Thursday, August 11, 2011

Img2Txt.pl (beta forensic tool)

If you followed the Casey Anthony murder trial or my DF Source interview with Detective Sandra Osborne of the Orange County Sheriff's Office, the chloroform searches were a hot item of discussion and evidentiary value during the Casey Anthony Trial. Part I and Part II of my interview with Det. Sandra Osborne.

Matthew Seyer  (part of Richland College's digital forensics program) has created a perl script called Img2Txt.pl [beta], which extracts text from images using the program tesseract. After running Img2Txt.pl the extracted text can be indexed and used for reference for keyword searches. Matthew was inspired to write this script from watching the digital forensics of the Casey Anthony Trial. Matthew has created a YouTube video on how his {beta} script works and he even uses an image presented during the Casey Anthony Trial during the demo.

During a conversation with Mr. Seyer, "I think the best way that this script can be used as of now is to extract out all image files with EnCase and preserve the folder structure, then run the script on the root folder of the extracted images. The script should preserve the folder structure of the images and copy the text to the output folder; the text files are named the same as the image in the same folder just with a .txt added to it. You can then index the output folders and search for keywords with your tool of choice. This was the quickest way of keeping track of what image it came from that I could think of on the spot."


Matthew stated, Img2Txt.pl has not been peer reviewed or tested (this is where you come in). This tool is in beta and Matthew is looking for feedback from the digital forensic community and is releasing this tool via DF Source. Please give it a test drive and provide feedback. While this tool is in its beta stage, with DF community support it has the possibility to bring context to digital forensic investigations and how we approach keyword searches, pulling text from images, indexing the text, and then integrating text data into keyword searches. (Disclaimer: As with any digital forensic tool, you must test and validate your findings. YMMV)
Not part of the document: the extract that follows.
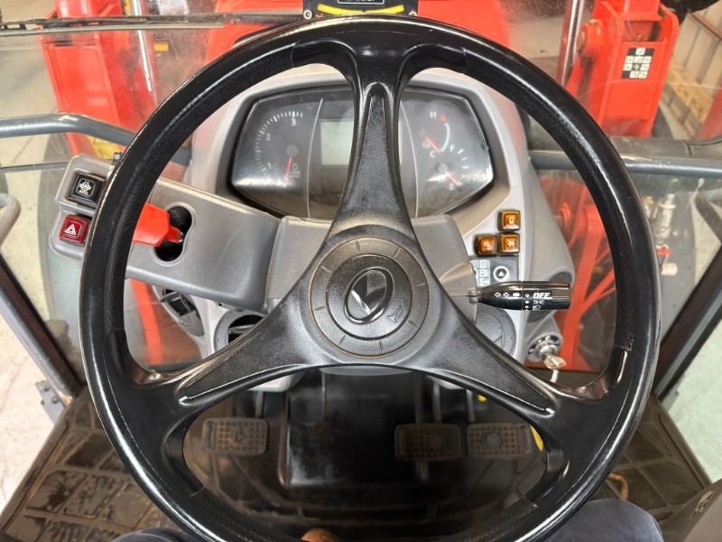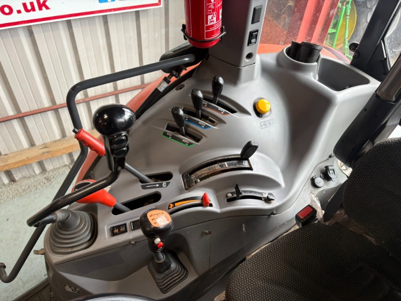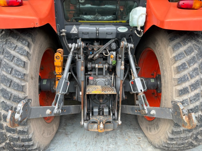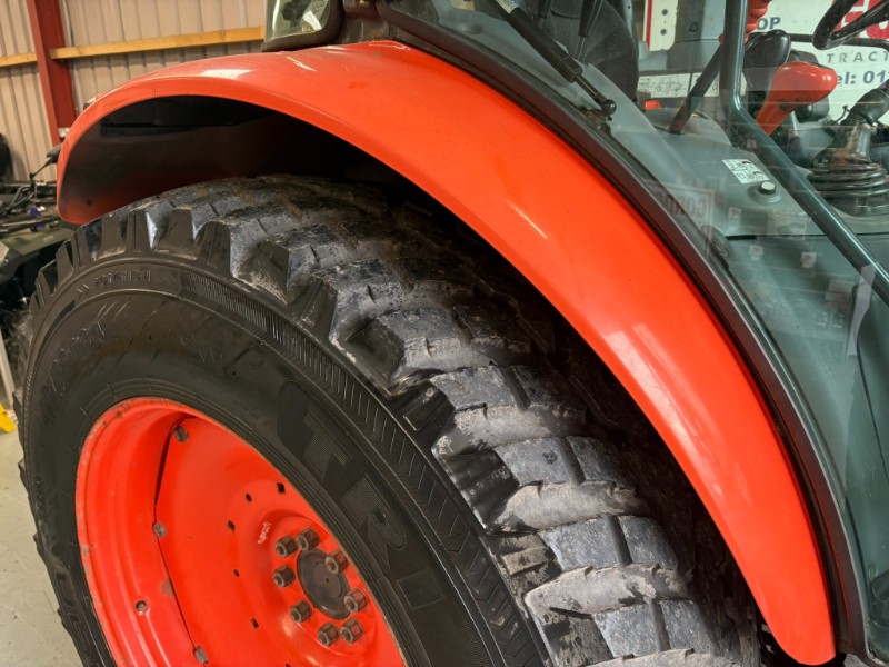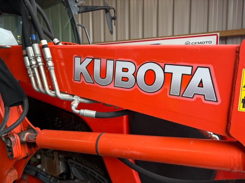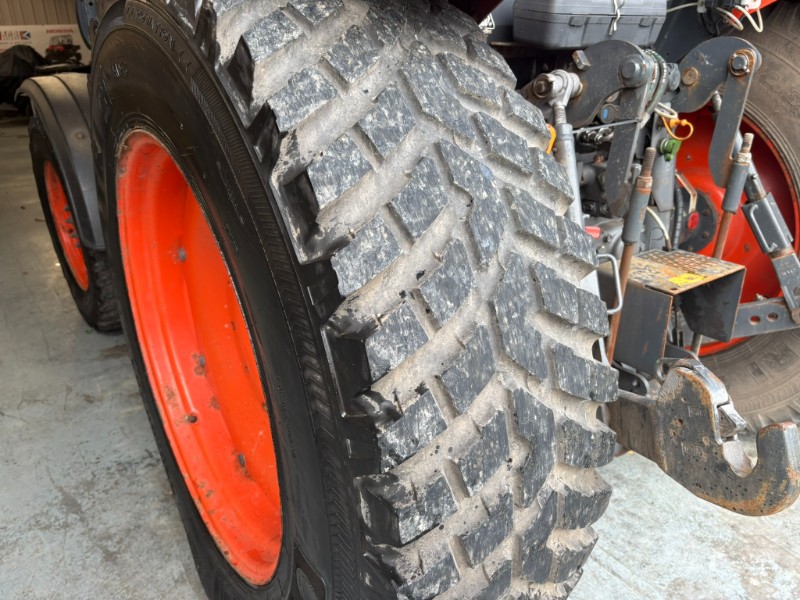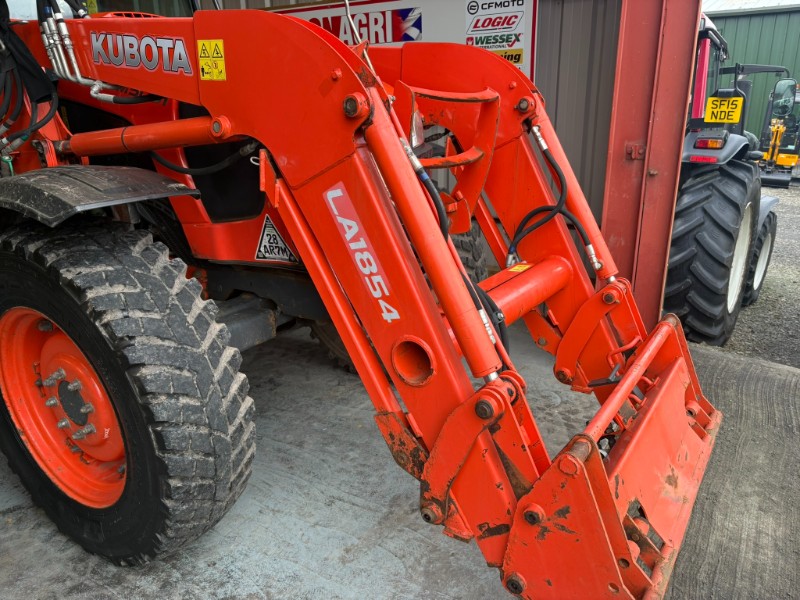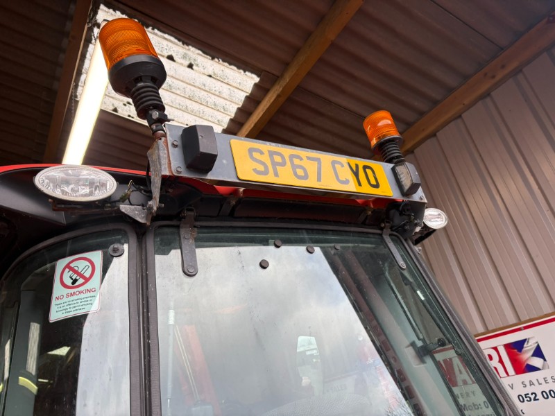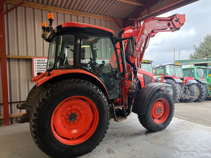 Kubota M5091 4WD Tractor, 2017, Reg: SP67 CYO, c/w Kubota LA1854 Loader, 3rd service, joystick control, 75HP, 4738 recorded hours, hydraulic shuttle, declutcher, 36 forward/reverse with max speed 40K, push out PUH, 2 spools, trailer braking valve, quick release rear link arms, front fenders. Tyre sizes and percentages 440/80x34 50% and 340/80x24 30%. Air con, air seat, passenger seat, work lamps and beacons. Ex local authority tractor in clean condition. All prices are plus VAT.

Visit the Img2Txt.pl page for more information on this beta digital forensic tool.
Img2Txt-v1.0Beta.pl (hosted on DF Source)

Contact Matthew Seyer
About Matthew Seyer

1 comment:

Dennis said...

I find all of this very interesting. It's great to see applications of OCR software for "the good guys".
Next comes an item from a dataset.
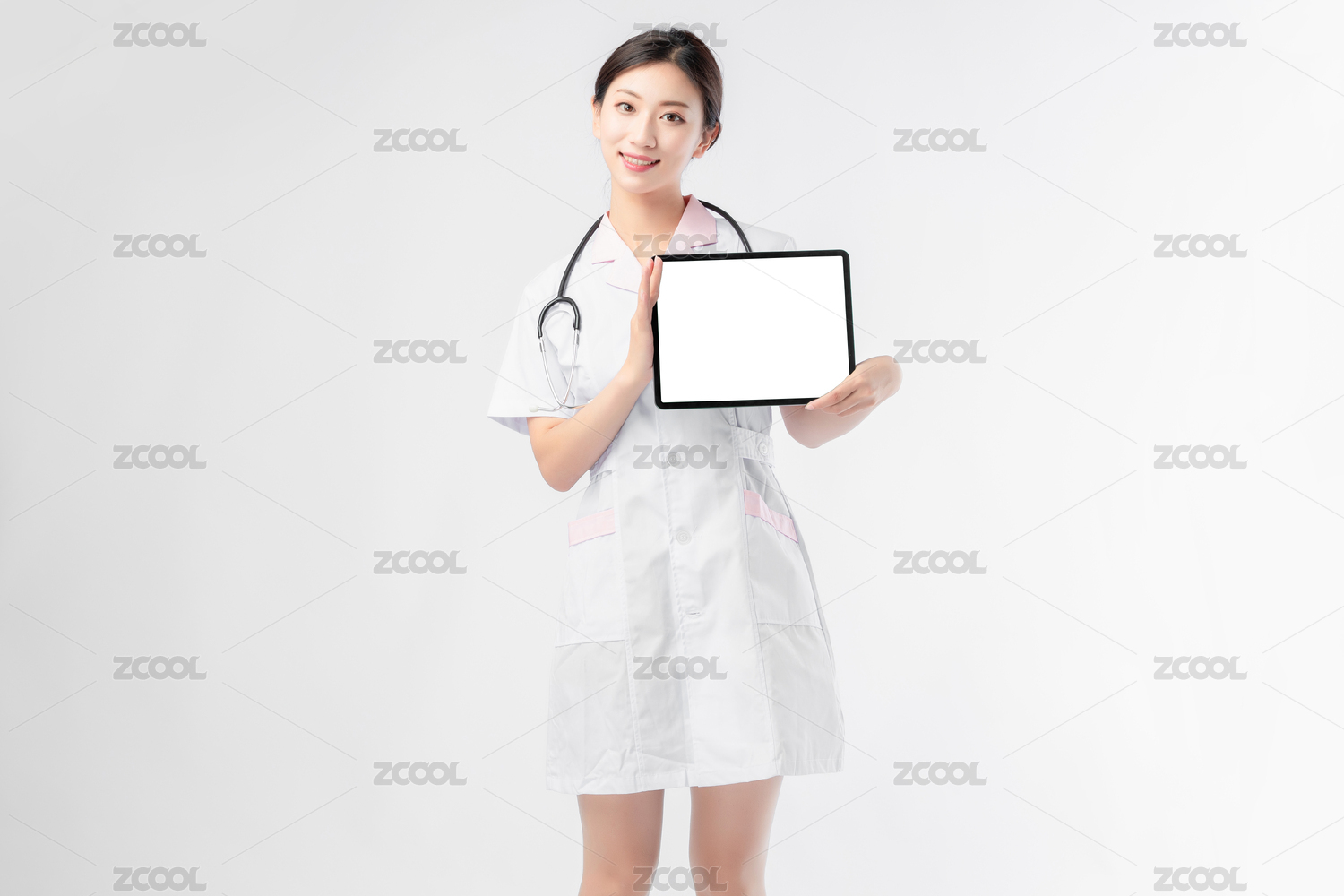 手拿平板電腦的女護(hù)士,正在展示屏幕內(nèi)容

I've been doing some work regarding command-line OCR software and sensitive information, though more from the attacker's side.

Here is a link to a blog post with some earlier work I've done on the topic - Mining Sensitive Information with Command-Line OCR.

I will be expanding on this at the upcoming DerbyCon conference.

I would love to see more on the topic and open up conversations with anyone interested.

Good work and thanks so much for sharing the tool and the approach!